In this Apple SWOT analysis, I’ll take a look into the external challenges Apple faces – the Opportunities and Threats, as well as its internal capabilities to realize the opportunities and deal with the threats – Strengths and Weaknesses.
What is the SWOT analysis For Apple?
The SWOT analysis of Apple analyses the internal capabilities of Apple (strengths and weaknesses) as well as the external environment (opportunities and threats). The result shows Apple is at a pivotal point in its history.
Financial Analysis of Apple
To see the full breakdown of Apple’s financial results
Apple has maintained the position of being the number one brand in the world for the seventh consecutive year – source Interbrand.
At the end of 2019, Apple had $205 billion cash in hand. That gives it a war chest of money to invest in future acquisitions, technologies and/or expanding into new markets.
Apple excels at innovation and that is demonstrated in how it continually evolves the features in its products. In 2018 alone it filed for more than 2000 patents ranking it number in 10th for US patents.
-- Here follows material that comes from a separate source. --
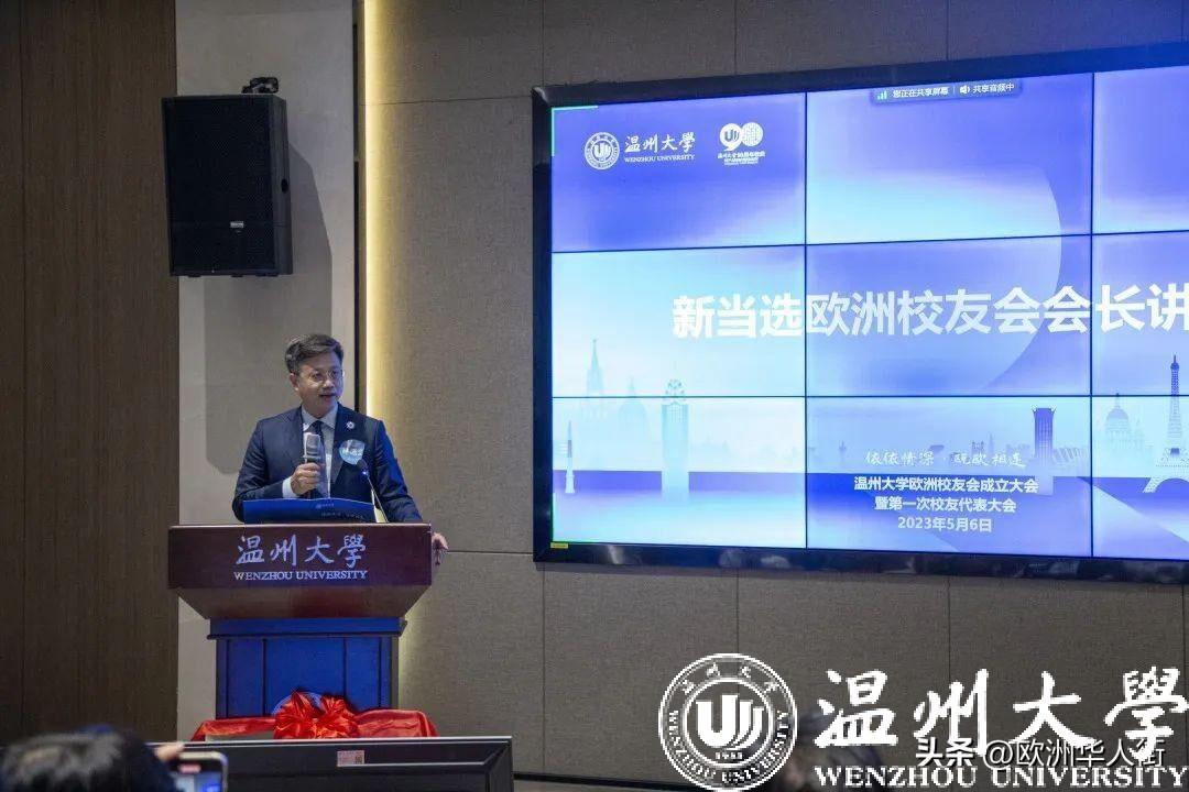 2023年5月6日,香蕉视频 欧洲校友会成立大会暨第一次校友代表大会在香蕉视频 隆重召开。香蕉视频 副校长、党委委员蔡曙光出席,温州肯恩大学党委副书记严晓鹏受邀参加,校友办主任陈宏毅、国际交流与合作处处长黄文浩、华侨学院院长包含丽、意大利分校校长吴敏等,分布在意大利、法国、西班牙、德国、比利时等10个国家,22个欧洲城市的40余位校友欢聚一堂,畅叙情谊,共襄盛会。成立大会以“线上线下”相结合的方式举行,会议由1988级财务会计专业张迈主持。

Apple operates has 506 stores in 25 countries worldwide. It is estimated that the stores alone account for around $16 billion in sales placing it in the top tier of retail stores.
Consistently growing a business, remaining ahead of the competition and producing new and innovative products is the dream of most CEO’s. Yet few companies can boast that level of success. Beyond the legacy of Steve Jobs, many other senior members of Apple helped create that success.
Apple has strategically diversified from only selling products to creating an ecosystem of services. Services accounted for 446 billion in turnover but a whopping $29 billion in gross margin (63%). Digital services provide higher margins and a platform for growth by tapping into their product user base. (see digital business models)
Digital services include: iCloud storage, Apple TV+, Apple news+, Apple Pay, and Apple Arcade (gaming). All are based on a subscription business model.
Apple’s scale gives it an advantage in being able to produce products a low costs (see economies of scale). As an example, when Apple launched Arcade their gaming platform they already had over 900 million iPhone users as potential customers.
Apple creates innovative technologies but it also creates innovative customer experiences. How Apple applies the technology and designs the user experience continues to give it a competitive edge
High Priced Products
The iPhone represents over 55% of Apple’s revenue in 2019. However, iPhone sales recently slumped, dropping from $165 billion in 2018 to $139 billion in 2019.
Apple charges premium prices across all its products and in developing Countries Apple is pricing itself out of the market. Lower-priced smartphones are taking market share and in Asia Apple is losing ground to brands such as Huawei
China now accounts for 30% of the smartphone market but Apple saw a sharp decline in sales of over 30%.
Narrow Product Set
Apple has focused on a very slim set of products and often has limited the number of varieties. The high-prices and narrow range may restrict growth in developing Countries where smaller competitors have a similar feature set phones at lower prices.
A further weakness is that not all products in the range are successful. The HomePod is not a very good smart speaker and has had no impact in the market. Amazon and Google still dominate with their range of speakers.
Incompatability with other software
Apple has long been criticized for how poorly Apple devices and software connect with other non-Apple devices.
Lack of innovation
There has been plenty of improvements in the Apple range – new features with the iPhone (and the high price to go with it), new features for the IPad but no real groundbreaking products have been launched recently. Many analysts are questioning if Apple has lost its innovative spirit and is simply playing safe by expanding into services rather than creating new products.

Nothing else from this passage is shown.